First Sale Doctrine Basics
United States copyright law gives copyright owners a number of exclusive rights, including the right to distribute copies of their work. But under the first sale doctrine, when a copyright owner has sold a lawfully made copy of his or her work, the purchaser can transfer that copy to another person. Accordingly, the first sale doctrine gives those who have purchased a lawfully made copy of copyrighted material the ability to dispose of the particular copy, including the option to sell that copy.
The Kirtsaeng Decision
In Kirtsaeng, Supap Kirtsaeng, a student living in the United States had relatives in Thailand purchase and ship to him about 600 English-language textbooks published by John Wiley & Sons' wholly owned foreign subsidiary, Wiley Asia. The textbooks had been labeled for exclusive distribution in Europe, Asia, Africa and the Middle East. Kirtsaeng resold the books in the United States at a higher price, primarily on eBay. Attorneys for Wiley & Sons estimated Kirtsaeng's total sales to be about $1.2 million.
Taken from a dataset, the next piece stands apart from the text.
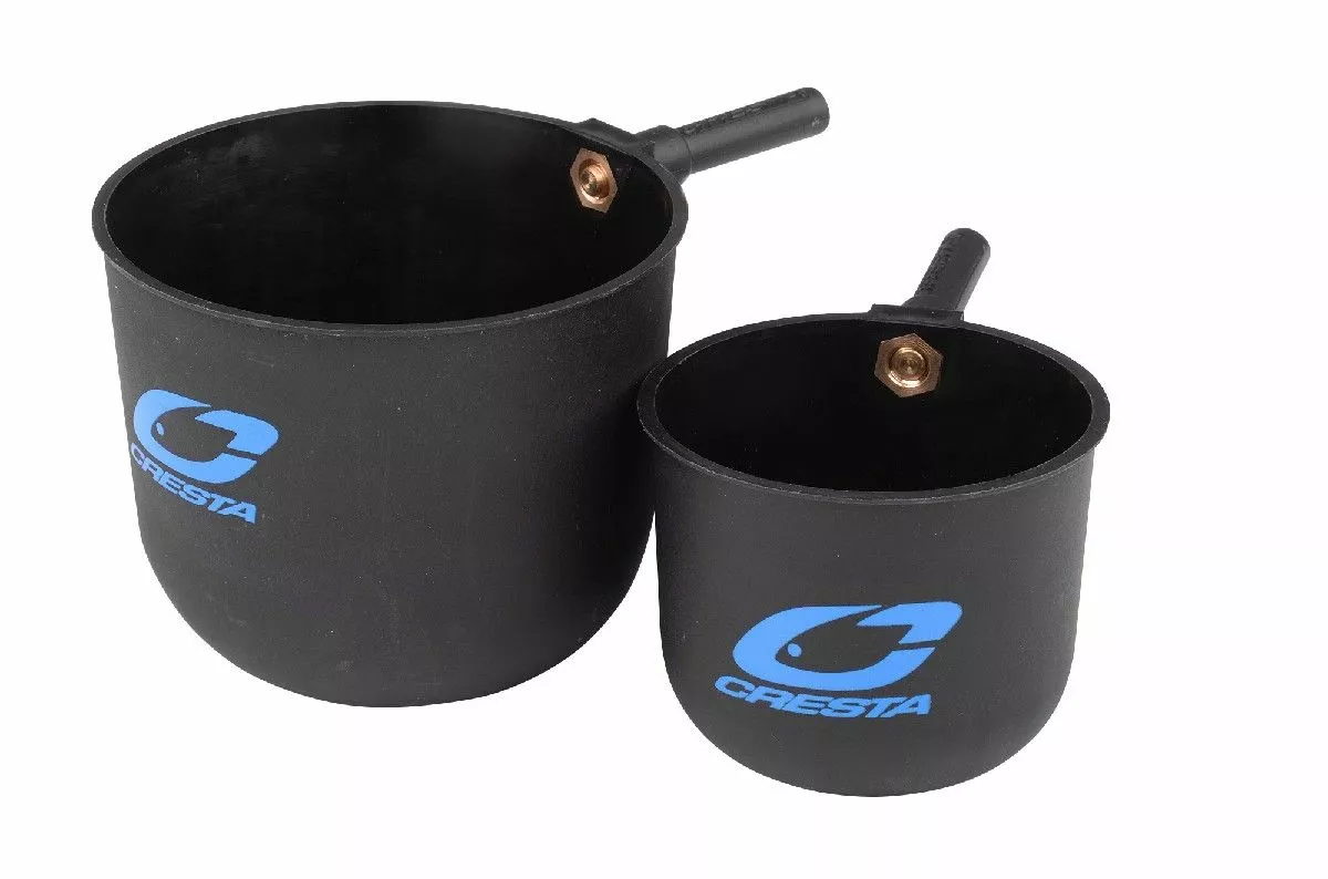 Deze Cupping Pots voldoen aan de wensen van de moderne vaste hengelvisser. Dankzij de 2 verschillende binnendiameters (4.5mm en 5.1mm) van de bevestigingsdelen, past deze set op praktisch iedere cupset. Met de opschroefbare pots (150 en 300ml) kan de gewenste hoeveelheid voer en aas uiterst precies op de stek gebracht worden.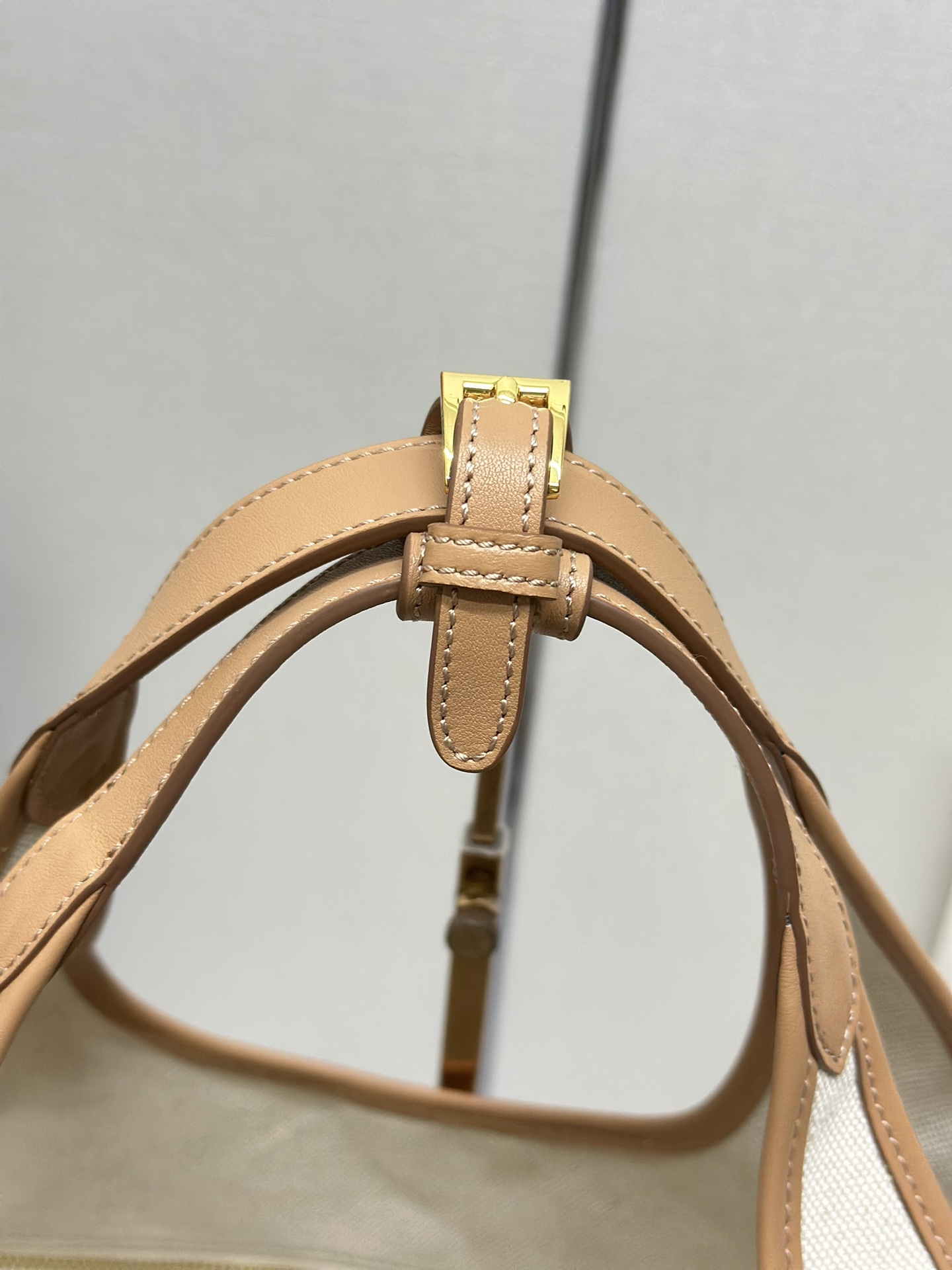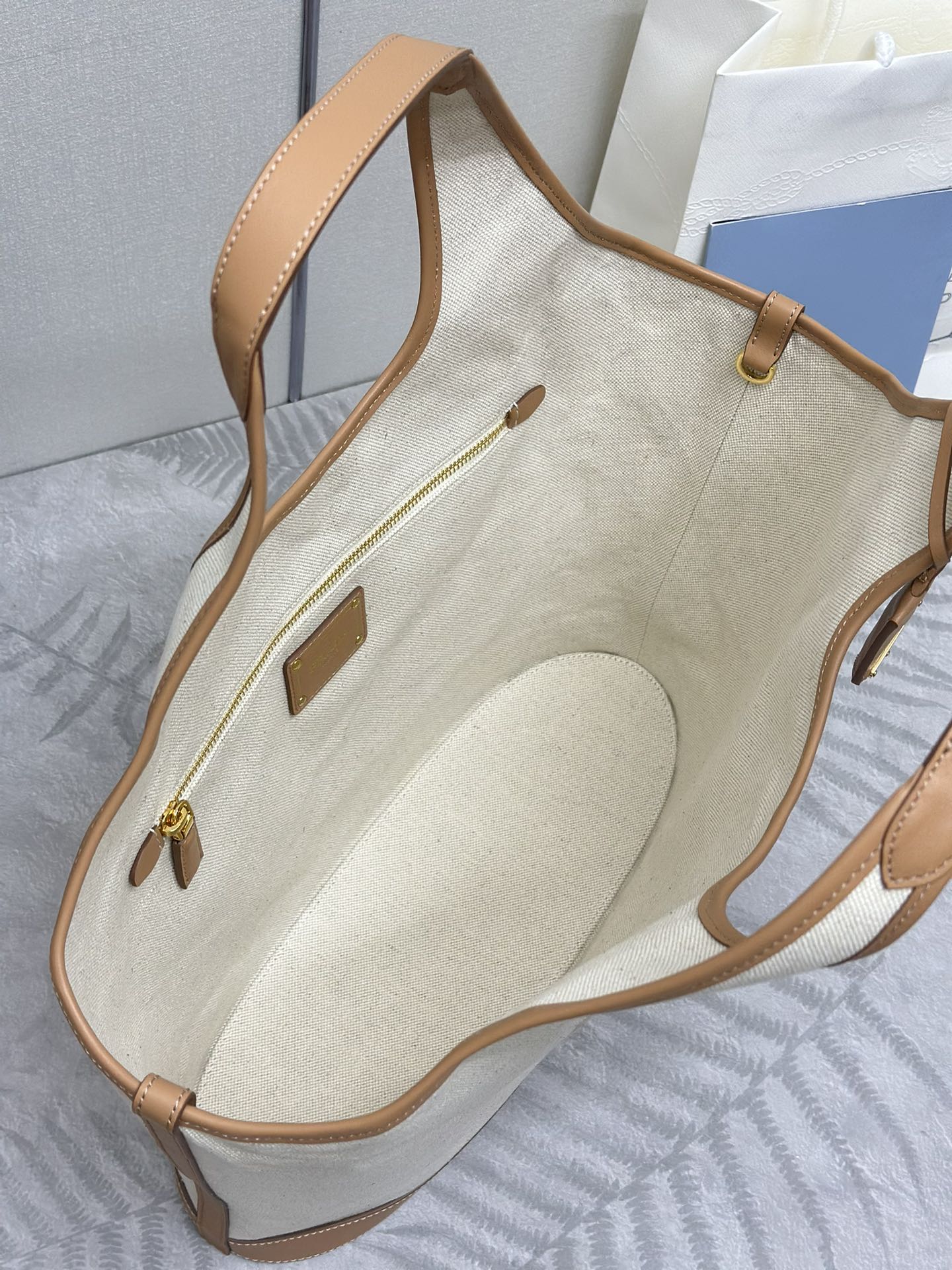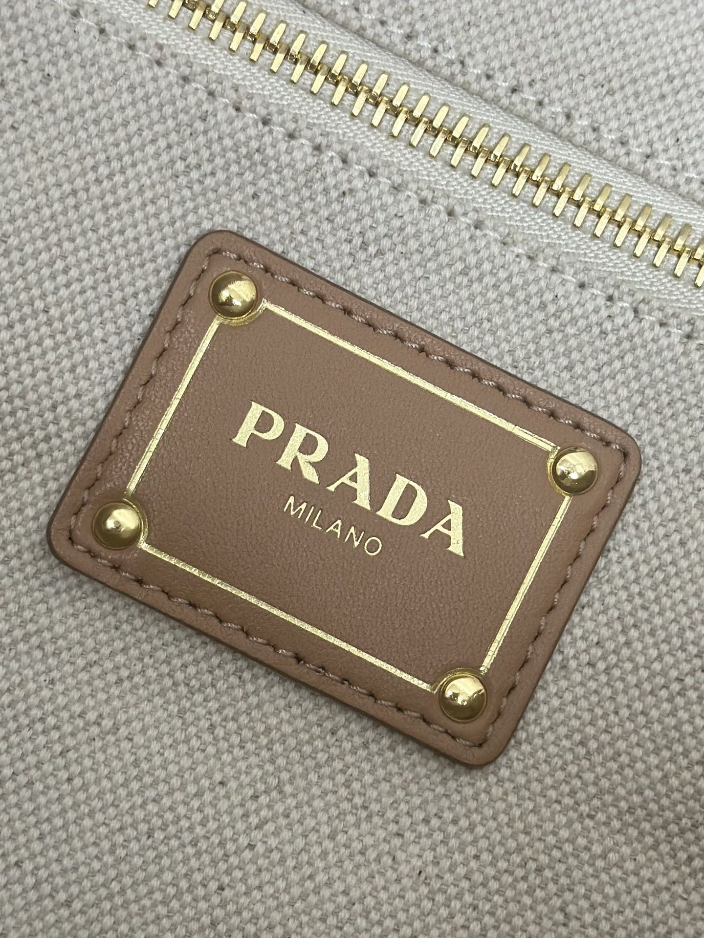 プラダの新作「1BG472」は、リネン混紡素材と構造的なジオメトリックデザインが特徴の大容量トートバッグ。高さ30x幅37.5x奥行き13cmの立体感あるシルエットがモダンな存在感を放ち、レザー縁取りやエナメルコーティングの三角形メタルロゴ付きキーホルダー(着脱式)が上品なアクセントに。軽量かつタフな素材で、日常使いからビーチリゾートまで幅広く対応。前面の浮き彫りロゴがブランドのアイコン性を主張し、機能性と洗練された美学を両立させた逸品です。

In 2008, Wiley & Sons sued Kirtsaeng for copyright infringement, alleging that the company had never given permission for the importation of the books to the United States, something that was explicitly forbidden via a notice included in each book. Kirtsaeng cited the first sale doctrine in defense of his actions, asserting that he didn't need Wiley & Sons' permission to resell the books in the United States.
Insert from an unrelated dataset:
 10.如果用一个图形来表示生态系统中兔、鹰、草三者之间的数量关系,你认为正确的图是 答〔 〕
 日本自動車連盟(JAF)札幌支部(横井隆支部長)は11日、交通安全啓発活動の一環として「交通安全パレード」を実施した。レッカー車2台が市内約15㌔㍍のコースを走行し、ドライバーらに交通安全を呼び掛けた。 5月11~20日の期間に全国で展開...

The federal district court agreed with Wiley & Sons that the first sale doctrine did not apply to works produced abroad and awarded Wiley & Sons $600,000 in damages. The U.S. Court of Appeals for the Second Circuit affirmed that decision.
Kirtsaeng appealed to the U.S. Supreme Court, which reversed the decision issued by the Court of Appeals. The Supreme Court's decision effectively lifted geographical limits on the application of the first sale doctrine and further clarified what the U.S. Copyright Act's “lawfully made” language means (i.e., that it includes works created abroad).
The Future of the First Sale Doctrine
While some have hailed the Kirtsaeng decision as a victory for consumers' rights, others have criticized the Court's ruling. The Software and Information Industry Association, for example, believes that “publishers' ability to do business abroad” will be threatened through “exploiting pricing models that are meant for students in underdeveloped nations.”
Whether publishers and other copyright owners adopt new strategies to counter any potential profit loss through the reselling of copyrighted works produced abroad remains to be seen, but the decision could have far-reaching effects into many other industries.